I am currently reading the first chapter on the general theory of stochastic processes in "Limit Theorems for Stochastic Processes" by Jacod and Shiryaev. On page 41 they state the following:
4.13 Lemma: c) Let $M$, $N$ be two orthogonal local martingales. For all stopping times $S$, $T$, the stopped local martingales $M^S$ and $N^T$ are orthogonal.
The definition of orthogonality they provide on page 40 is the following:
Definition: Two local martingales $M$ and $N$ are called orthogonal if their product $MN$ is a local martingale.

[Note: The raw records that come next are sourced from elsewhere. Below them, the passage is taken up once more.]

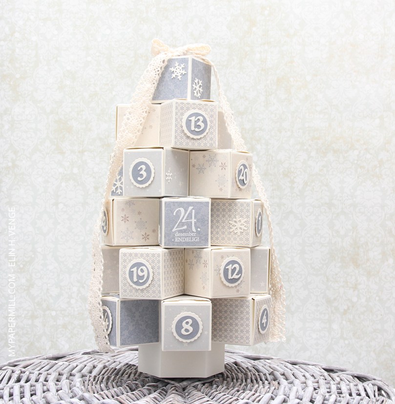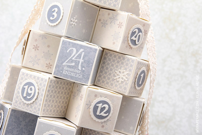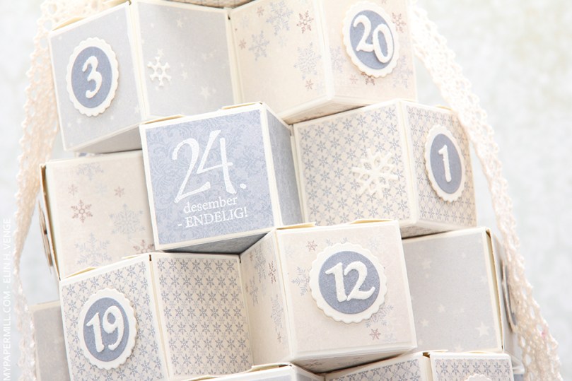 Jeg har stanset ut tallene mine med dies fra KaBoks. Alle tallene er dekket med distressglitter. Det vises dessverre ikke så godt på bildene, men gir en herlig frostet effekt i virkeligheten. Samtlige tall er limt på sirkler av mønsterark, som igjen er limt på scallopsirkler i kartong og proppet opp fra fronten av hver lille eske.
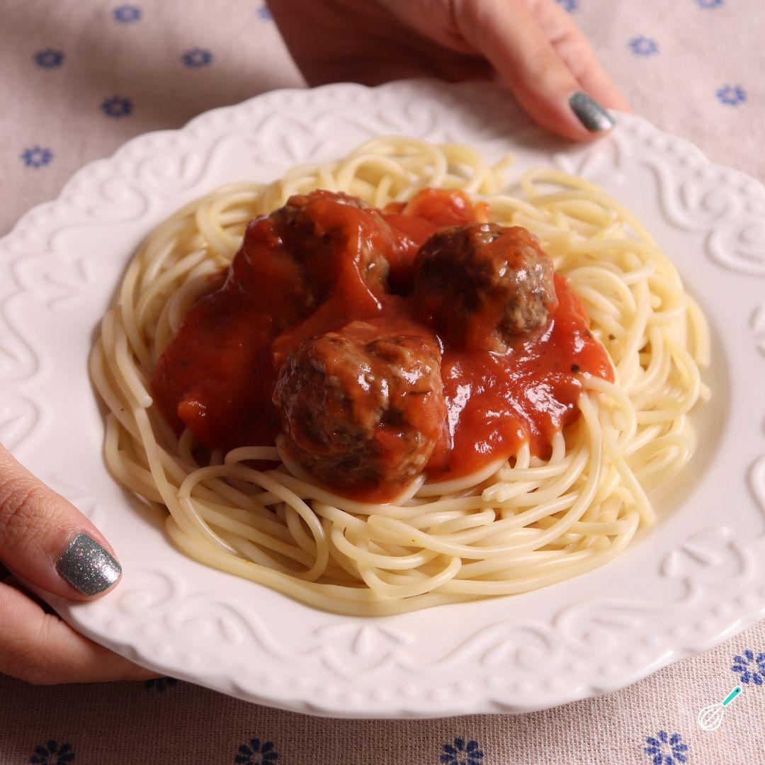 Sirva em seguida o macarrão espaguete com o molho e as almôndegas. Bom apetite!
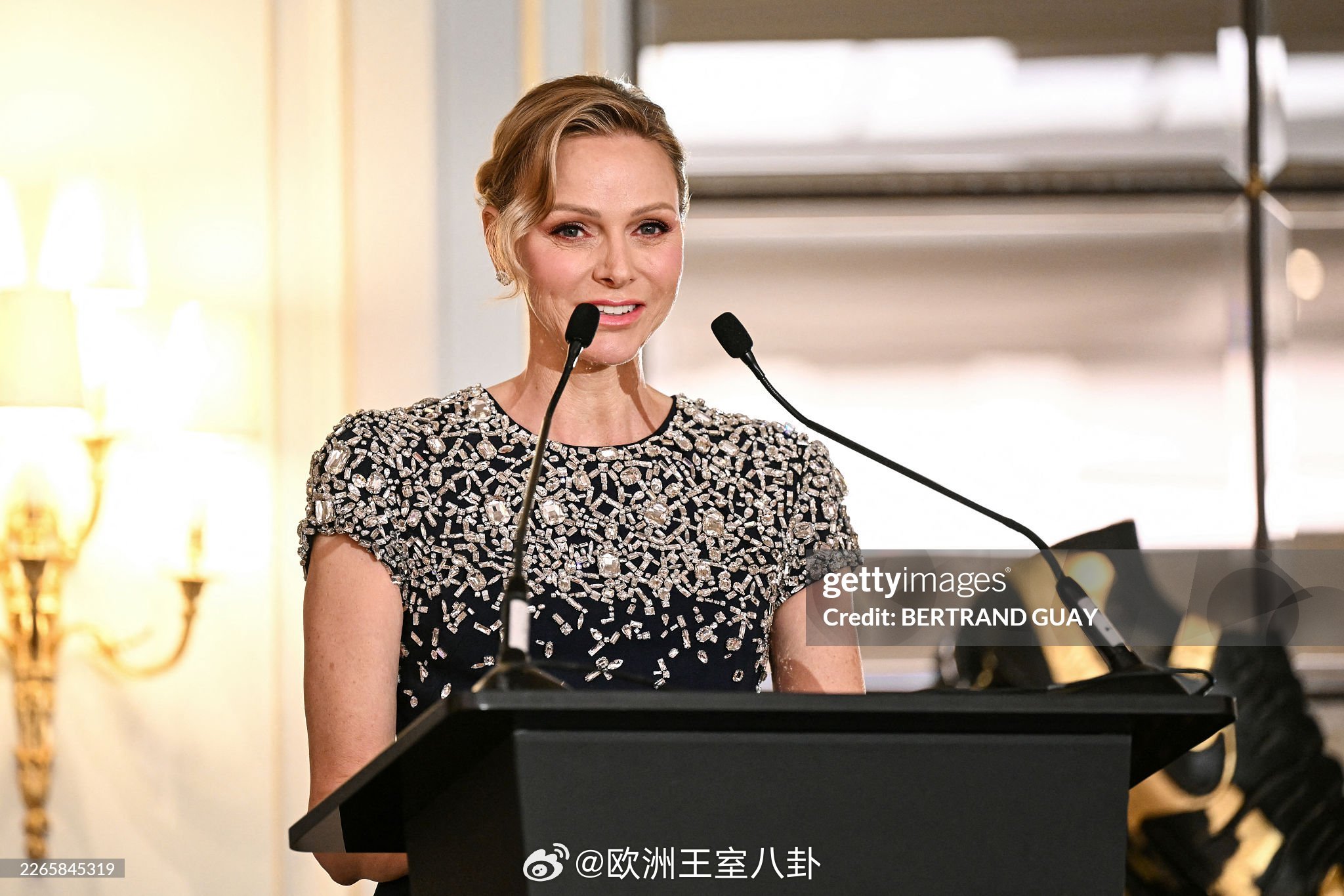 3.13 摩纳哥亲王阿尔贝二世和王妃夏琳出席慈善晚宴,米兰冬奥后夏琳不声不响又歇了大半个月她礼服来自Oscar de la Renta,少了个手包

The proof goes as follows: They reduce to the case where $T=\infty$. Then by localization, we can find a sequence of stopping times $(T_n)$ such that $M^{T_n}, N^{T_n}, (MN)^{T_n}$ are all martingales. Then for a stopping time $R$, they write
\begin{align} E[(M^S N)^{T_n}_R] &= E[(MN)^{T_n}_{R \land S}] + E[M^{T_n}_S (N^{T_n}_R - N^{T_n}_S)1_{S < R}] \\ &=E[M_0 N_0] + E[M^{T_n}_S 1_{S < R} E[N^{T_n}_R-N^{T_n}_S |\mathcal{F}_S] = E[M_0 N_0] \end{align}
where in the second step they use the stopping theorem and another characterisation of being a martingale (1.44 Lemma, I can provide further details if needed).
But the only part I do not understand, is why in the first expectation, $(M^S N)^{T_n}_R$ is even integrable? Since we only know integrability of the processes $M^{T_n}, N^{T_n}, (MN)^{T_n}$. Does anyone know what the reasoning behind the integrability is?
Thanks a lot in advance!